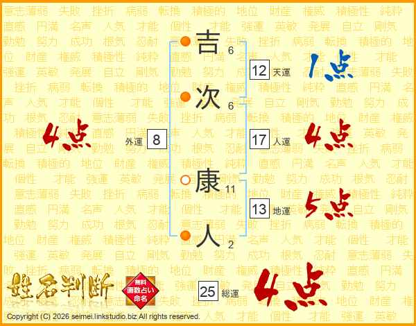 吉次康人さんの総運は25画の4点!
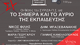 Εκδήλωση ΝΕ Νότιας Αθήνας: ΟΙ ΘΕΣΕΙΣ ΤΟΥ ΣΥΡΙΖΑ – ΠΣ ΓΙΑ ΤΟ ΣΗΜΕΡΑ ΚΑΙ ΤΟ ΑΥΡΙΟ ΣΤΗΝ ΕΚΠΑΙΔΕΥΣΗ
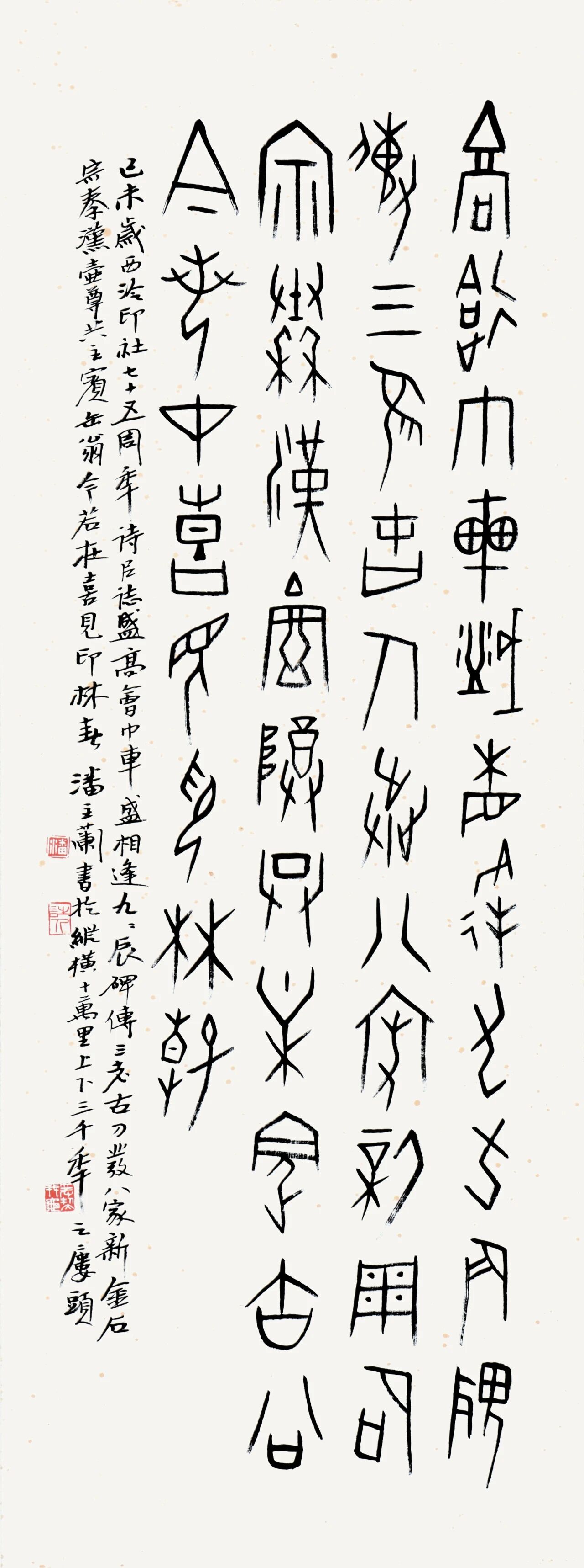 潘主兰《甲骨文贺西泠印社七十五周年诗中堂》 1979年 释文:高会巾车盛,相逢九九辰。碑传三老古,刀发八家新。金石宗秦汉,壶尊共主宾。缶翁今若在,喜见印林春。 款识:己未岁西泠印社七十五周年诗以志盛。“高会巾车盛,相逢九九辰。碑传三老古,刀发八家新。金石宗秦汉,壶尊共主宾。缶翁今若在,喜见印林春。”潘主兰书于纵横十万里上下三千年之楼头。 钤印:潘(白文)诗人(朱文)爰契我龟(白文) 【资料来源】《三山四先生——闽都四家书画展(第二回)》(福州城市客厅——福之轩展厅,2025年10月31日-11月30日)
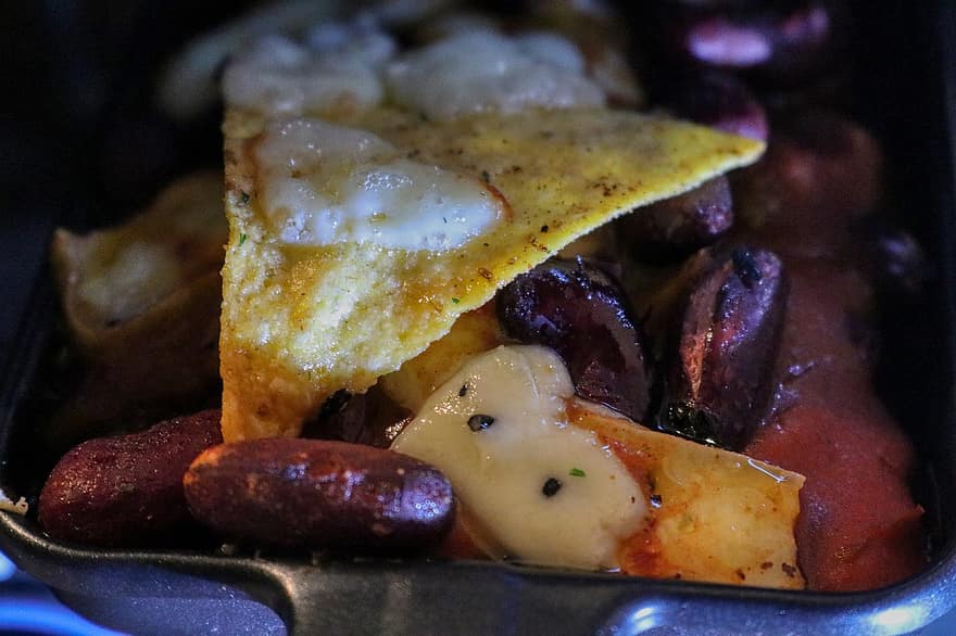 После приготовления всех закусок начинает плавиться сыр. Его необходимо покупать в достаточном количестве, чтобы хватило каждому. При этом желательно заранее купить соответствующее число сковородок, чтобы гости не ждали, когда освободится посуда.
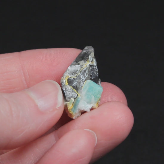 A lovely little specimen of the famous Coloradan mineral pairing; smoky quartz with amazonite. Known for their appealing color contrast and blocky crystal forms, specimens of these minerals are a North American classic. This specimen features a frosty smoky quartz with etched faces and a small amazonite crystal perched at the base. Though the amazonite crystal is not fully intact, its vibrant color is eye catching.
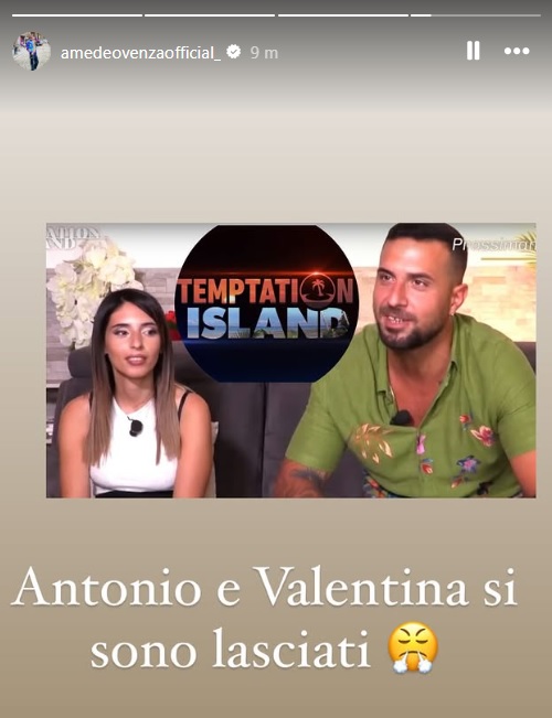 Di opinione opposta è Amedeo Venza, altro noto volto del gossip online. Sempre tramite Instagram, ha scritto senza mezzi termini: “Antonio e Valentina si sono lasciati”. Secondo le sue fonti, la storia d’amore tra i due sarebbe giunta definitivamente al capolinea, forse proprio a causa di quanto accaduto nel villaggio delle tentazioni.
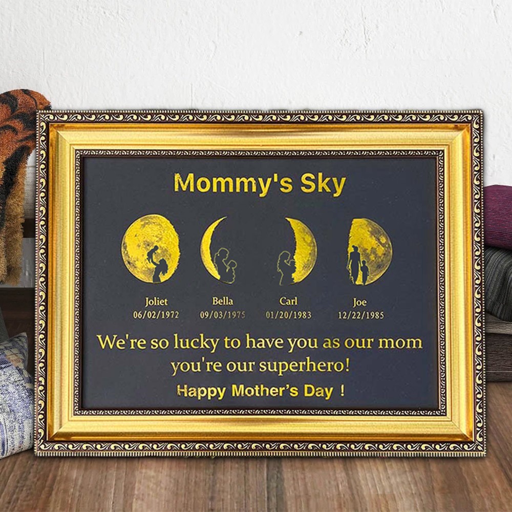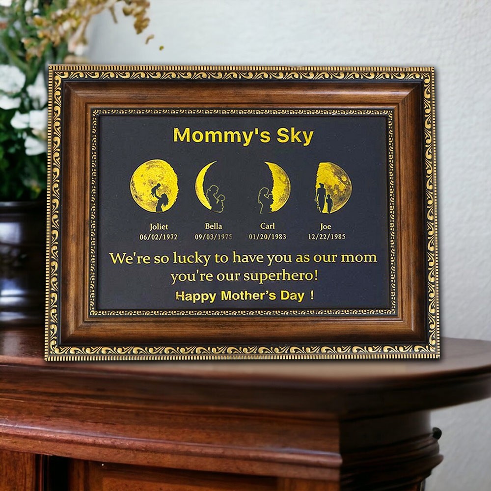 Mummy's Sky Moon Phase Print Frame with Kids Names Personalised Gifts for Mum Grandma Mother's Day Gift Ideas

+-------+

> _What you will do_:
Write out the listing above exactly as it stands, pictures excluded.

> _Answer space_:
 吉次康人さんの総運は25画の4点!
 Εκδήλωση ΝΕ Νότιας Αθήνας: ΟΙ ΘΕΣΕΙΣ ΤΟΥ ΣΥΡΙΖΑ – ΠΣ ΓΙΑ ΤΟ ΣΗΜΕΡΑ ΚΑΙ ΤΟ ΑΥΡΙΟ ΣΤΗΝ ΕΚΠΑΙΔΕΥΣΗ
 潘主兰《甲骨文贺西泠印社七十五周年诗中堂》 1979年 释文:高会巾车盛,相逢九九辰。碑传三老古,刀发八家新。金石宗秦汉,壶尊共主宾。缶翁今若在,喜见印林春。 款识:己未岁西泠印社七十五周年诗以志盛。“高会巾车盛,相逢九九辰。碑传三老古,刀发八家新。金石宗秦汉,壶尊共主宾。缶翁今若在,喜见印林春。”潘主兰书于纵横十万里上下三千年之楼头。 钤印:潘(白文)诗人(朱文)爰契我龟(白文) 【资料来源】《三山四先生——闽都四家书画展(第二回)》(福州城市客厅——福之轩展厅,2025年10月31日-11月30日)
 После приготовления всех закусок начинает плавиться сыр. Его необходимо покупать в достаточном количестве, чтобы хватило каждому. При этом желательно заранее купить соответствующее число сковородок, чтобы гости не ждали, когда освободится посуда.
 A lovely little specimen of the famous Coloradan mineral pairing; smoky quartz with amazonite. Known for their appealing color contrast and blocky crystal forms, specimens of these minerals are a North American classic. This specimen features a frosty smoky quartz with etched faces and a small amazonite crystal perched at the base. Though the amazonite crystal is not fully intact, its vibrant color is eye catching.
 Di opinione opposta è Amedeo Venza, altro noto volto del gossip online. Sempre tramite Instagram, ha scritto senza mezzi termini: “Antonio e Valentina si sono lasciati”. Secondo le sue fonti, la storia d’amore tra i due sarebbe giunta definitivamente al capolinea, forse proprio a causa di quanto accaduto nel villaggio delle tentazioni.
 Mummy's Sky Moon Phase Print Frame with Kids Names Personalised Gifts for Mum Grandma Mother's Day Gift Ideas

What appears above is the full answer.